Okay, now that I have explained what sampling error is, let’s go back to how one could compute a probability that Clinton is going to win in each state if sampling error were the only type of polling error. Suppose that, in every state, the various methodologies used by different pollsters result in the same estimator of the margin between Trump and Clinton with the same distribution and no bias. To simplify a bit, that’s what would happen if every pollster used the same methodology and, when you use that methodology, the sample is truly random and there is no measurement error, i. e. every person who is going to vote in the state has the same probability of ending up in the sample and, if they tell you that they’re going to vote for X, they really are going to vote for X. (This definition of measurement error is somewhat unusual, for it implies that if a respondent honestly replied that he was going to vote for Clinton but changed his mind between the time he was polled and the election, this counts as measurement error. It’s probably not how most people would define measurement error, but it makes the discussion simpler, so I don’t think it’s a problem.) If that is true, you can use a theorem called the “central limit theorem” (look it up if you’ve never heard of it, it’s a truly mind-blowing result) and a theorem proven by a guy called William Gosset (but who for some reason published the proof under the pseudonym “Student”) to prove that, to a good approximation (provided there are enough polls), the poll average obeys a probability distribution called “Student’s t-distribution”, after the dude in question. Finally, using that distribution, you can compute the probability that Clinton is going to win based on whatever the poll average happens to be.

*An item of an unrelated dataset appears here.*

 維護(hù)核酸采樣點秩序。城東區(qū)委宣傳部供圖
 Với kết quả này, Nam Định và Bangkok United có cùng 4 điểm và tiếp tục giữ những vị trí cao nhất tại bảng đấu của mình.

So far, so good, but this is where things start to get more complicated. The problem is that the assumptions on which the calculation I just explained rests are completely unrealistic. Random sampling error is not the only kind of polling error. We know that the methodologies used by pollsters do not result in an unbiased estimator of the margin between Clinton and Trump, because their samples are not truly random and because there is measurement error. Polling is a really tricky business and pollsters have to make all sorts of assumptions to get a result from their data. In particular, they have to make assumptions about what kind of people are going to turn out to vote to construct a sample or weight it appropriately, which also means that they have to make assumptions about what characteristics are relevant to predict turnout. That’s just one reason why, if you give the same data to different pollsters, they will probably all end up with a different result. (See this article in the New York Times about this.) Given how many non-trivial assumptions pollsters have to make, a lot of things can go wrong. Indeed, if you look at the history of polling, things go wrong very often. For instance, in 2012, the polls were off by 3 points (in favor of Obama), which is more than Clinton’s lead according to the national RCP average on the eve of the election and was actually further off the mark than polls in 2016.

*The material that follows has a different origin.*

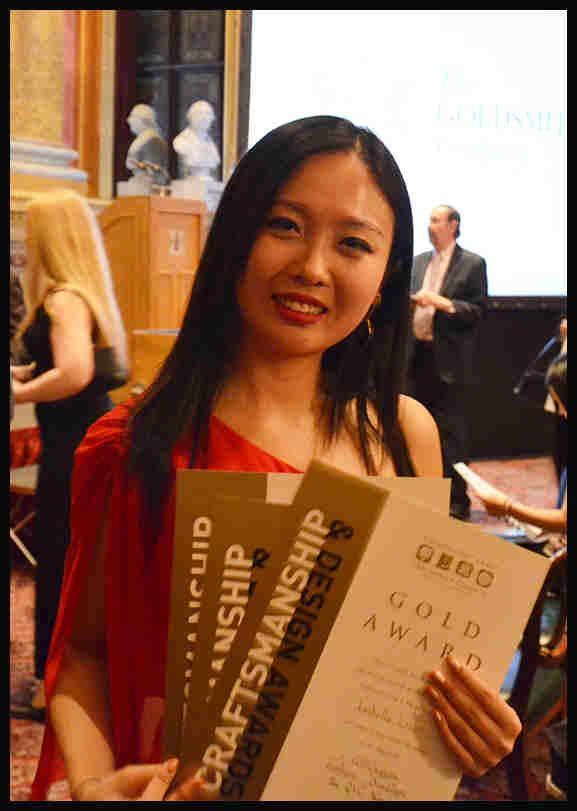 The competition- which Isabella describes as the: ‘Jewellery Oscars‘- has been held annually by the Goldsmiths’ Craft and Design Council (GC&DC) since 1908. This year saw over 800 entrants and 22 gold awards, three of which went to Liu.

First, even if there were no measurement error, since the samples used by pollsters are not truly random, the probability you compute by using the central limit theorem and Gosset’s theorem about the Student’s t-distribution would still not be accurate. There is no reason to think that the samples used by various pollsters are biased in such a way that, when you look at the average, the biases cancel out. It may very well be that, on the contrary, they reinforce each other. In particular, that’s exactly what you should expect if pollsters make similar mistakes when they make assumptions about who is going to show up to vote, which is likely. For instance, if most of them overestimated the rate at which black people were going to turn out to vote, it would have biased the polls in favor of Clinton. Since Obama was not running, it was clear that black turnout was going to decrease relative to 2012 (even though many people were under the illusion that blacks would turn out en masse to stop Trump), the only question was by how much. Since black people overwhelmingly vote Democrat, a small mistake in the assumptions pollsters make about black turnout could skew their results in a significant way. As it turned out, pollsters probably overestimated black turnout in constructing their samples, at least in some key states. Furthermore, since the mistakes that pollsters make when they construct their samples are probably similar in different states, the polling errors that result from those mistaken assumptions in various states are presumably correlated to some extent, which should be taken into account when calculating the probabilities that a candidate is going to win in each individual state. But there is no obvious way to figure out exactly what assumptions we should make about how exactly they are correlated.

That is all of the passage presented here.